● **MATERIAL FOR THIS TASK**
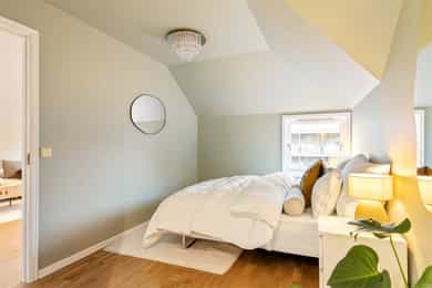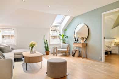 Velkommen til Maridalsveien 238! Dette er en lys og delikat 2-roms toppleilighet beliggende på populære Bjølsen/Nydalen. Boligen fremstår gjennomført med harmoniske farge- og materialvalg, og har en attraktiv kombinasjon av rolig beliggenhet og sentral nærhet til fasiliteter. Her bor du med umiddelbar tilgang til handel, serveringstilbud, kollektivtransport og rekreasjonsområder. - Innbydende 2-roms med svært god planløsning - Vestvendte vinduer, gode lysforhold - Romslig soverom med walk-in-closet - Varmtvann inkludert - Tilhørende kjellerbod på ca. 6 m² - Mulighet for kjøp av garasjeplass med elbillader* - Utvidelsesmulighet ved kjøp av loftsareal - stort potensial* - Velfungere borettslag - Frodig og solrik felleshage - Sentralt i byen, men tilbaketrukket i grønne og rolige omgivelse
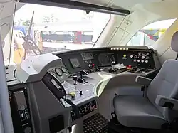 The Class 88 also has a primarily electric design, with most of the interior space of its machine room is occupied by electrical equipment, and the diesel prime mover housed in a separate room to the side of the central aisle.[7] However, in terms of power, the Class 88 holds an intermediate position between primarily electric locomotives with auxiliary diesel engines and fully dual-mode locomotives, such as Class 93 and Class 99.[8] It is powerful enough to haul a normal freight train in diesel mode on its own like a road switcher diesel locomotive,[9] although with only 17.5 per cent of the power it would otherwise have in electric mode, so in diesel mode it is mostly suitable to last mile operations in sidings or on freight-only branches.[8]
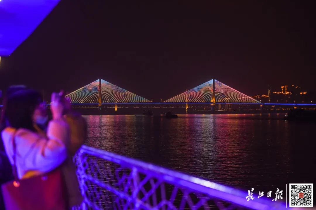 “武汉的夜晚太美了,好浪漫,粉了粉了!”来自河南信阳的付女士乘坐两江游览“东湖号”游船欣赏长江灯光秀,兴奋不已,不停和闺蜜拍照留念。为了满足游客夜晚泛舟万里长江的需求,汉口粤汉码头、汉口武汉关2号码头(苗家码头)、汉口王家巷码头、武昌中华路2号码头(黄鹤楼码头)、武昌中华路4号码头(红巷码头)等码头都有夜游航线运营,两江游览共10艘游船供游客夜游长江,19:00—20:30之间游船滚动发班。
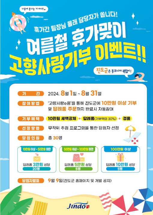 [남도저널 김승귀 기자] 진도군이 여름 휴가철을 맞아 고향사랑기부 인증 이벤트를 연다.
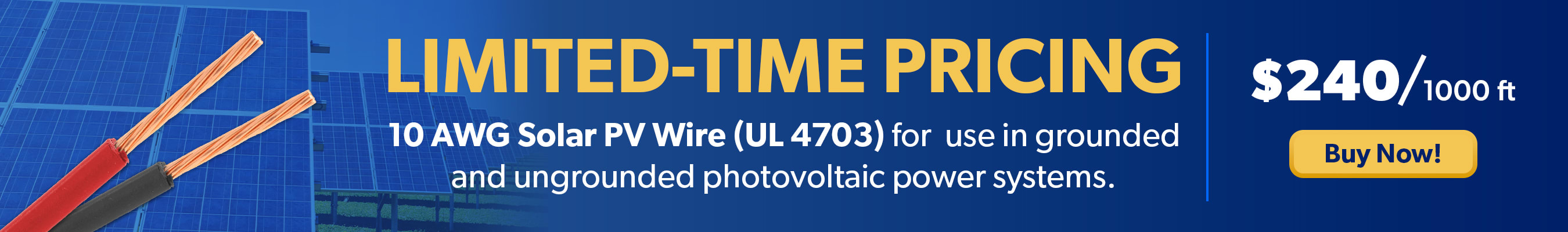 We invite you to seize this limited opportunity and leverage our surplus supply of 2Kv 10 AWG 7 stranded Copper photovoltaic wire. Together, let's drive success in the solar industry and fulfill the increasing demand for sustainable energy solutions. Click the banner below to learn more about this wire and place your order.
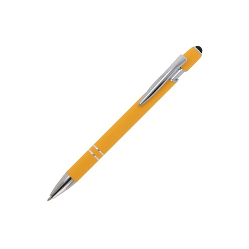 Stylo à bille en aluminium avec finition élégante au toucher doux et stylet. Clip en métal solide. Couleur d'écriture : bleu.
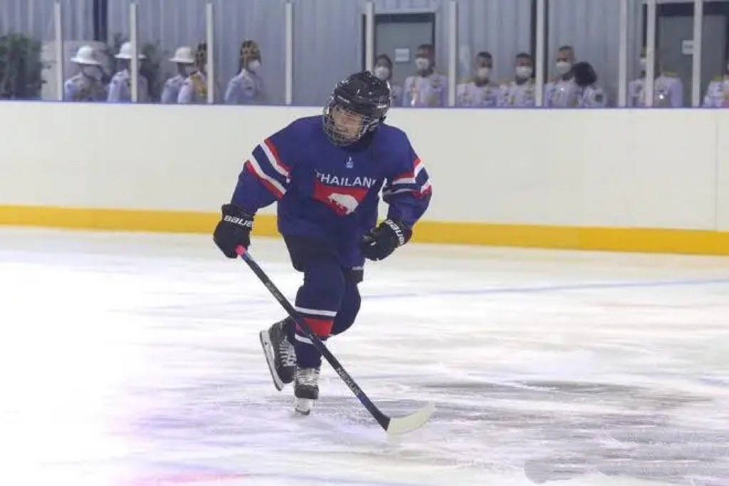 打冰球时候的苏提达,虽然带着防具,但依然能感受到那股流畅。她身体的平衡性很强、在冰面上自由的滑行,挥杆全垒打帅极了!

● **WHAT TO DO**
Every line from the one containing "Stylo à bille" to the final line of the records should be duplicated exactly; no picture is to be copied.

● **ANSWER TO THE EXERCISE**
 Stylo à bille en aluminium avec finition élégante au toucher doux et stylet. Clip en métal solide. Couleur d'écriture : bleu.
 打冰球时候的苏提达,虽然带着防具,但依然能感受到那股流畅。她身体的平衡性很强、在冰面上自由的滑行,挥杆全垒打帅极了!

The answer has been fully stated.